Ноздри испанца коротко дрогнули. Он оторвал взгляд от волнующегося в сильных порывах ветра штормового моря, резко развернулся и умчался прочь от барнстепской пристани.
ГЛАВА 5
В неспокойных небесах, с шумом разрывая на клочки тяжёлые, чёрные тучи, устало стонал штормовой ветер. Холодные, методичные плевки волн, отходящего от недавнего приступа бешенства моря, стекали жёлтой пеной по промёрзшей до костей спине лежащего у воды человека.
Он начинал приходить в себя. Малейшие попытки двинуться отдавались тупой болью в его окоченевшем теле. Он снова собрал все силы на то, чтобы отползти от края воды. Левое плечо нестерпимо заныло. Казалось, что какой-то «доброжелатель» вбил осиновый кол, в уже начинавшую было затягиваться рану Ричи, полученную им в схватке с людьми Пола «Банки».
«То-то, — с горечью думал «Ласт Пранк», — этот старый червь, подпрыгивая где-то на адской сковородке, безумно радуется сейчас моей боли.
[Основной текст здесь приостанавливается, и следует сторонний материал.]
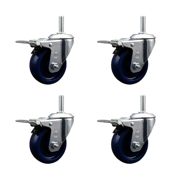 4 Inch Solid Polyurethane Swivel 58 Inch Threaded Stem Caster Set with Total Lock Brake
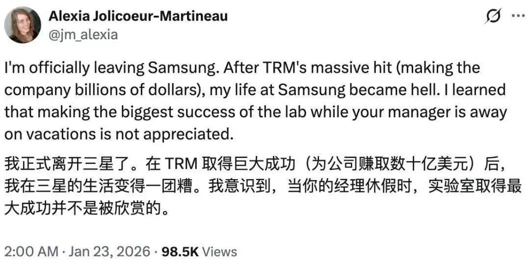 三星TRM爆火算法作者疑遭强迫离职,内部否认
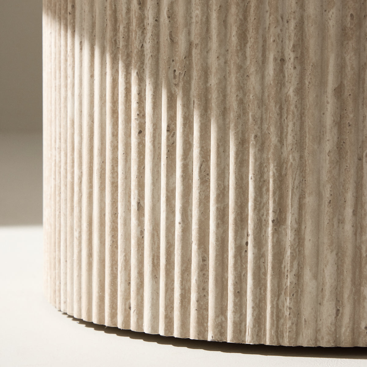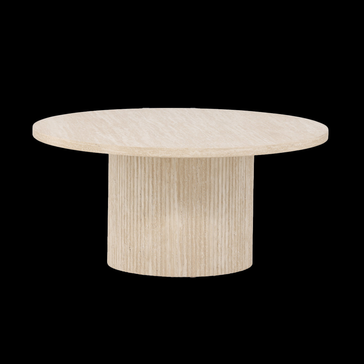 Travertine is een natuurlijk kalkgesteente met een warme, lichtbeige kleur en een herkenbare textuur vol subtiele adertjes en kleine gaatjes. Die natuurlijke tekening zorgt voor een rustige, luxe uitstraling die perfect past bij moderne en Scandinavische interieurs. En het fijne is: dankzij de fineerlaag geniet je van die mooie look, maar blijft de tafel licht, makkelijk in onderhoud én vriendelijk geprijsd. Liever iets kleiners? Nohr is er ook in een 50 cm variant! Of combineer beide maten voor een speels duo met hoogteverschil.

Ничего. Я жив, а боль? Переживу. Терпел и не такое…».
Одному богу известно, сколько он пролежал на этом песчаном берегу, и как долго холодные волны полировали ему спину. Вокруг бушевало море. В непогожем сумраке его окочневшее, распластавшееся на песке тело, напоминало выброшенную на берег гигантскую морскую звезду. Едва ли движения, на которые был сейчас способен Ричи, казались быстрее и заметнее движений этой морской твари.
«Ласт Пранк», пытаясь подтянуть под себя руки, взвыл и …только едва заметно шевельнулся.
— Tevs,te ir vel viens! — вдруг произнёс кто-то рядом.
— Paskaties vai vins ir dzivs? — ответили ему.
— Es baidos...[14]
Сквозь шум неспокойного моря ещё какое-то время ясно различались голоса, но вскоре они пропали. Ричмонд непроизвольно, судорожно дёрнулся и кашлянул. Реагируя на это, рядом с ним кто-то вскрикнул. Не было сомнения, его не оставили без внимания. Вот чьи-то руки осторожно перевернули его на спину. Море ударило его прямо в больное плечо и «Ласт Пранк» провалился в бездну.
…Его били до тех пор, пока кому-то не пришло на ум распять несчастного над палубой корабля «гром Одина». Вскоре его недоброжелателям показалось и этого мало, тогда Ричмонда привязали за ноги к переброшенным через мачту канатам и перевернули его вверх тормашками. Запястья рук перетянули тонкой верёвкой, а какой-то лихой «умелец», посмеиваясь над участью «Ласт Пранка», подвесил к его рукам тяжёлое ведро с золотом. Измученные суставы потянуло вниз невыносимой болью, а левое плечо, под тяжестью подвешенного груза, как казалось, и вовсе висело на одной коже.
— Ричи, — услышал он голос Хайраддина.
Барбаросса стоял, напротив, держа в руке сияющий, словно солнце, раскалённый железный прут.
— В последнее время я стал задумываться, а немного ли я тебе отвесил? Вот, — кивнул он на ведро с драгоценным грузом, привязанное к его рукам, — решил добавить тебе ещё немного золота, …а в довесок к нему ещё и железа!